Не будем разбирать здесь, насколько теоретические положения Ионеско согласуются с лучшими художественными страницами, написанными им в былые годы. Нас интересует здесь именно идейная позиция писателя, выраженная в его работах последних лет, в частности в «Осколках дневника», – позиция по-своему типичная для определенного круга западной интеллигенции. «Я спрашиваю себя, – пишет Ионеско, – как могут еще меня волновать или даже просто занимать экономические, социальные, политические проблемы, раз я знаю: 1) что мы умрем, 2) что революция не спасает ни от жизни, ни от смерти, 3) что я не могу представить себе ни вселенную, имеющую конец, ни бесконечную вселенную, ни вселенную, которая не является ни конечной, ни бесконечной…»2 Впрочем, подобного рода метафизические разглагольствования – не последнее слово Ионеско. Не так давно мы прочитали, что он сделал свой политический выбор, примкнул к движению «правой культуры», сел за один стол с литераторами и публицистами откровенно реакционного образца на «конгрессе интеллектуалов» в Турине. О такого рода деятелях, пытающихся объединить силы «правой культуры» в международном масштабе, очень обстоятельно и беспощадно говорит Цецилия Кин в своей книге «Итальянские светотени»; из ее анализа, в частности, следует, что состав туринского «конгресса» был довольно разнокалиберным, но его участников объединяла прежде всего ненависть к марксизму, к революции. Очевидно, Эжен Ионеско не во всех вопросах согласен с одним из вдохновителей сборища Армандо Плебе, идеологом итальянских неофашистов. В своем докладе в Турине Ионеско заявил: «Ни одно общество не может нас удовлетворить. Правые, левые, – все они инфернальны». Сам он как будто бы ни за тех, ни за других, – словом, «чума на оба ваши дома». И все же академика Ионеско фатально и инфернально тянет именно вправо, к Армандо Плебе и ему подобным. В свете нынешних своих взглядов драматург распрощался с достоянием мировой культуры еще более недвусмысленно, чем это было сделано в «Осколках дневника». «…Гуманистическая культура не оправдала себя, почти все современное искусство свидетельствует о нашем отчаянии»3.

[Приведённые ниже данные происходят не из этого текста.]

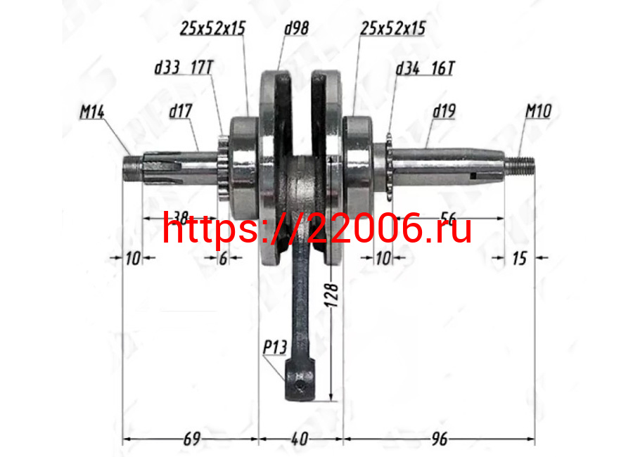 - Коленвал TTR125, ALPHA, 152 FMI,153FMI (h55.5, L=102mm, палец13mm) (НАБОР) в Сочи недорого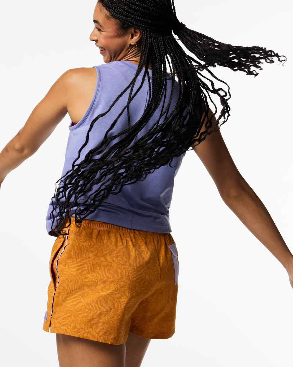 Hop in the river or toss a frisbee around camp the Brinco Short keeps up with it all. The recycled nylon spandex blend with a wicking finish transitions seamlessly from beach to trail to farmers market.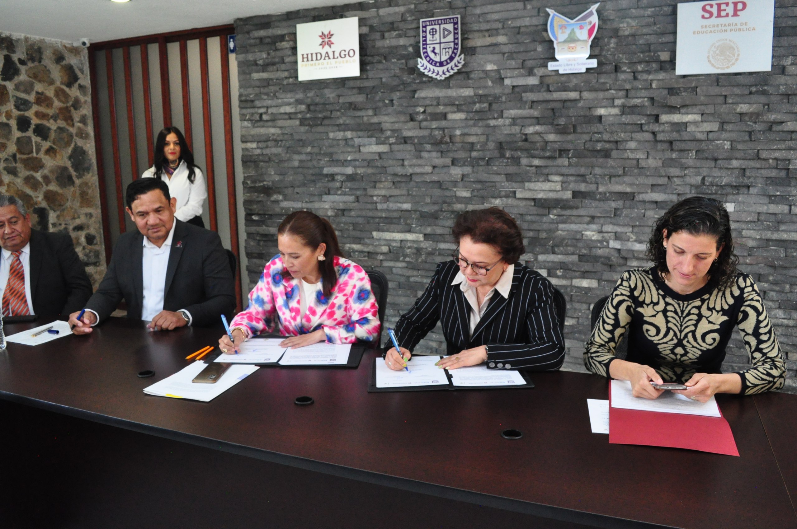 Atestiguaron esta firma: la titular de la Unidad de Promoción Voluntaria de la Secretaría de Educación Pública de Hidalgo, Virginia Hurtado Salinas; la subsecretaria de Administración y Finanzas, Maricarmen Mandujano Cerrilla, y Fernando Cuatepotzo Costeira, director de la Unidad Académica y de Vinculación.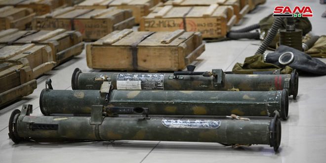 Dans un point de presse, le directeur de la lutte contre la contrebande à la direction des douanes, Ghyath Hamdan, a fait savoir que sur la base des informations données à la direction générale des douanes, les éléments de la direction de la lutte contre la contrebande avaient saisi un dépôt d’armes et de munitions abandonnées par les groupes terroristes dans une colline dans la banlieue de Damas.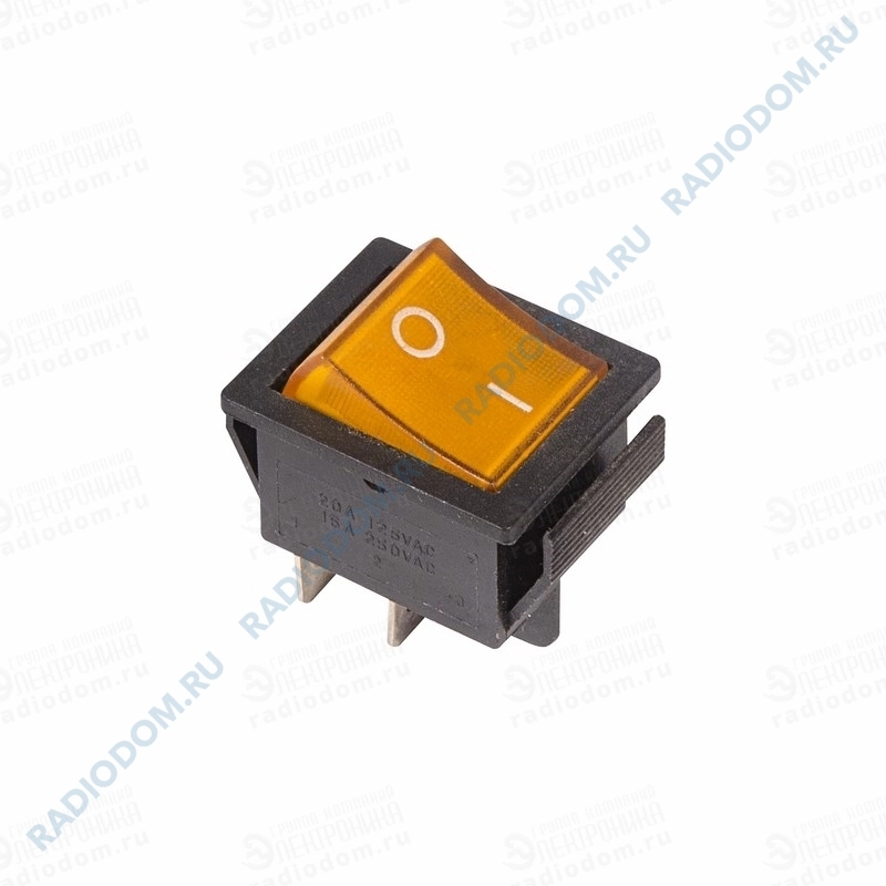Выключатель 25,5x30,8мм IRS-201-1 250В 16A подсветка желтая 4 контакта I ∕ O B767

Эволюция Ионеско, его нынешняя позиция – не просто причудливый индивидуальный казус, она по-своему типична. Мы воочию видим, как настроения тотального отчаяния, асоциальности, возведенной в принцип, толкают рафинированного «аристократа духа», одаренного писателя к союзу с глашатаями политического мракобесия.

Высказывания Ионеско заслуживают внимания и в другой связи. Они напоминают, что содержание понятия «гуманизм» применительно к литературе, искусству и оценка гуманистической литературы, ее роли в истории нашего столетия – все это вопросы, которые, в свете современных процессов идеологического размежевания, представляют острый интерес.

2

В чем сущность вклада, который внесли писатели XX века в художественное развитие человечества? Где ведущая тенденция литературы нашего времени и – шире того – нашего столетия? Критики размышляют над особенностями прозы (или поэзии, драматургии) Именно сегодняшней, текущей. Однако думается, что и эти размышления могут стать более содержательными, плодотворными, если мы будем исходить не только из произведений самоновейших, но и из опыта предшествующих десятилетий. При таком расширении временного диапазона, наверное, можно яснее увидеть закономерности литературного процесса, а значит, и то, что действительно важно для литературы наших дней.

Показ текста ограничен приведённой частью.